Creating the Bar Chart

Clean the data

The next figure will show the number of students with the HOPE scholarship at different checkpoints. Inside summarise(), use across() to sum the occurrences where a column value equals 1 for each column that starts with ‘hope_’, and then transform the data frame to long format. The resulting data frame will have one column with four time points and one column with counts indicating the number of students with the HOPE scholarship at each time point.

Show/Hide Code

hope_bar <- hope_raw %>% 
  summarise(across(starts_with("hope_"), ~ sum(. == 1, na.rm = TRUE))) %>%
  pivot_longer(everything(), names_to = "time", values_to = "count")

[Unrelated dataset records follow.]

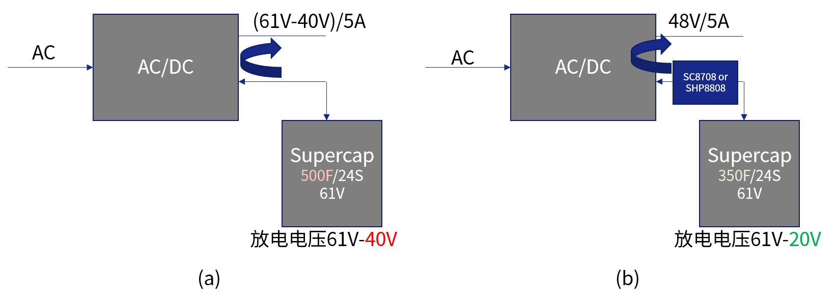 左:電力 DTU 供電傳統(tǒng)方案(61V 放電至 40V);右:電力 DTU 供電推薦方案(61V 放電至 20V)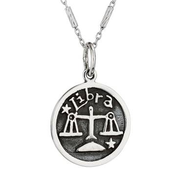 LIBRA SYMBOL OF SCALES kind and intelligent, values harmony in all forms. Ruled by Venus, the planet of beauty, Libra adores a life that looks good. Delicate and stylish, this necklace complements jeans, business attire, and your little black cocktail dress. MORE ABOUT THE COLLECTION The nickel-free zodiac necklaces feature an adjustable 16-18" cable necklace with a free-floating disc charm depicting your sign's constellation. Necklace is 14k gold dipped and fitted with crystal accent stones as stars.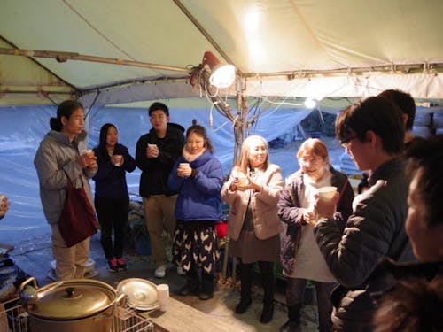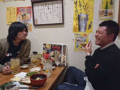勤務を終えた人たちが向かうのは、軒先にたつ小さな居酒屋。 りんご農家のお兄さん、地域住民の相談役のお姉さん、ラーメン屋のおじさん。 海から陸に上がり、ヤッケ姿で向かう人も。あ、乾いたわかめが付いてる。 働いた後の生ビールは美味い。今日やらかしてしまった事も笑えてくる。 今日失敗したこと、面白かったこと、最近モヤモヤすること。 様々な話が飛び交う。それを酒と一緒に喉に流し込む。 「これでいいんだなあ。」 「いいべ、逃げてもいいんだべ。」 「この刺身美味しい!マスターもう一杯!!」 笑ったり泣いたり、なんてことのない時間も彼らにとっては「居場所」な居酒屋だ。 こうやって毎日がなんとか続いていく。人生そんなものだ。 ここは人生横丁。明日のために、今日も立ち寄ってみた。 さて、今夜もいつもの乾杯をーー。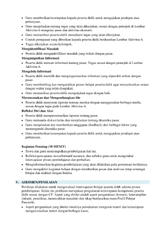 • Guru membimbing dan mengarahkan proses belajar peserta didik agar menyelesaikan sesuai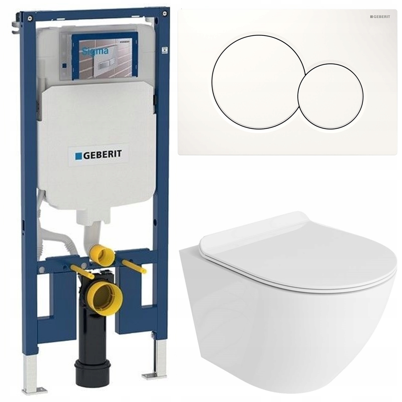 GEBERIT CONCREATED WC SET 8CM SLIM + ПІДВІСНА ЧАША LAVITA WHITE BUTTON

Next, inside mutate(), calculate the number and the percentage of students who have lost the scholarship at each checkpoint (relative to the starting count), and create a new factor column with ordered labels for each time point.

Show/Hide Code

hope_bar <- hope_bar %>% 
  mutate(running_loss = count[1] - count,
         running_loss_percent = round(running_loss/count[1]*100),
         checkpoint = factor(c("Start with\n HOPE", "HOPE at\n30 Credits", "HOPE at\n60 Credits", "HOPE at\n90 Credits"), 
                              levels = c("Start with\n HOPE", "HOPE at\n30 Credits", "HOPE at\n60 Credits", "HOPE at\n90 Credits")))

Render the bar chart

Follow the steps below to create the plot.

Show/Hide Code

hope_bar %>%
1  ggplot(mapping = aes(x = checkpoint, y = count, label = prettyNum(count, big.mark = ",", scientific = FALSE))) +
2  theme_void() +
  theme(
    plot.title = element_text(size = 13, color = "black",  face = "bold", hjust = 0.5, margin = margin(t = 10, b = 10)),
    axis.text.x = element_text(size = 12, face = "bold", color = "black", margin = margin(t = -5))
  ) +
3  labs(title = "HOPE Counts at Checkpoints Among First-Time Freshmen,\n 2013-2018 Entering Cohorts") +
4  geom_bar(
    fill = "#0554A3",
    stat = "identity",
    width = 0.8
  ) +
5  geom_text(
    color = "white",
    vjust = 2,
    size = 5,
    fontface = "bold"
  ) +
6  geom_text(
    data = hope_bar %>% filter(time != "hope_start"),
    aes(x = checkpoint, y = count, label =  glue("(-{running_loss_percent}%)")),
    color = "white",
    vjust = 4.5,
    size = 4,
    fontface = "bold"
  )

1: Initialize the ggplot object using the ‘hope_bar’ data and set the mapping aesthetics. In the donut plot example above, the count labels were formatted with commas inside the data frame. Here, we’ll format the labels directly in the aesthetics by setting the label equal to prettyNum(count, big.mark = ",", scientific = FALSE).
2: Apply a clean theme using theme_void() and then customize the plot’s title and x-axis text using theme().
3: Add the plot title text.
4: Add bars with a specific fill color and width.
5: Add text labels that show the counts. Use vjust = 2 to position the labels inside the bars.
6: Add text labels that show the percent loss. We don’t want to display a percent loss at the first time point, so filter out the ‘hope_start’ row. Use glue() to concatenate the label components (parentheses, negative sign, percent, and percent symbol).

Creating the Line Chart

The third figure will show HOPE scholarship retention across the three credit hour checkpoints among two student groups: Pell-eligible and non-Pell eligible students. If additional data are available at your institution, comparisons can also be made for other groups, such as first-generation status, race, ethnicity, gender, and so forth.

Clean the data

First, group the data by ‘pell’ and then use across() with sum() to count the number of students with HOPE at each time point (i.e., each column that starts with ‘hope_’). Since percentages are more effective for comparing the two groups, the next step is to calculate the percentage of students with HOPE at each time point. Use across() inside of mutate() to do this, and create new column names that start with ‘percent_’ using the ‘names’ argument. Because we initially grouped by ‘pell’ the resulting data frame will contain both the counts and the percentages for Pell and non-Pell students at each of the four time points.

Show/Hide Code

hope_by_pell <- hope_raw %>% 
  group_by(pell) %>% 
  summarise(across(starts_with("hope_"), 
                   ~ sum(. == 1, na.rm = TRUE), .names = "{col}")) %>% 
  mutate(across(starts_with("hope_"), 
                ~ round(. / hope_start * 100), .names = "percent_{col}"))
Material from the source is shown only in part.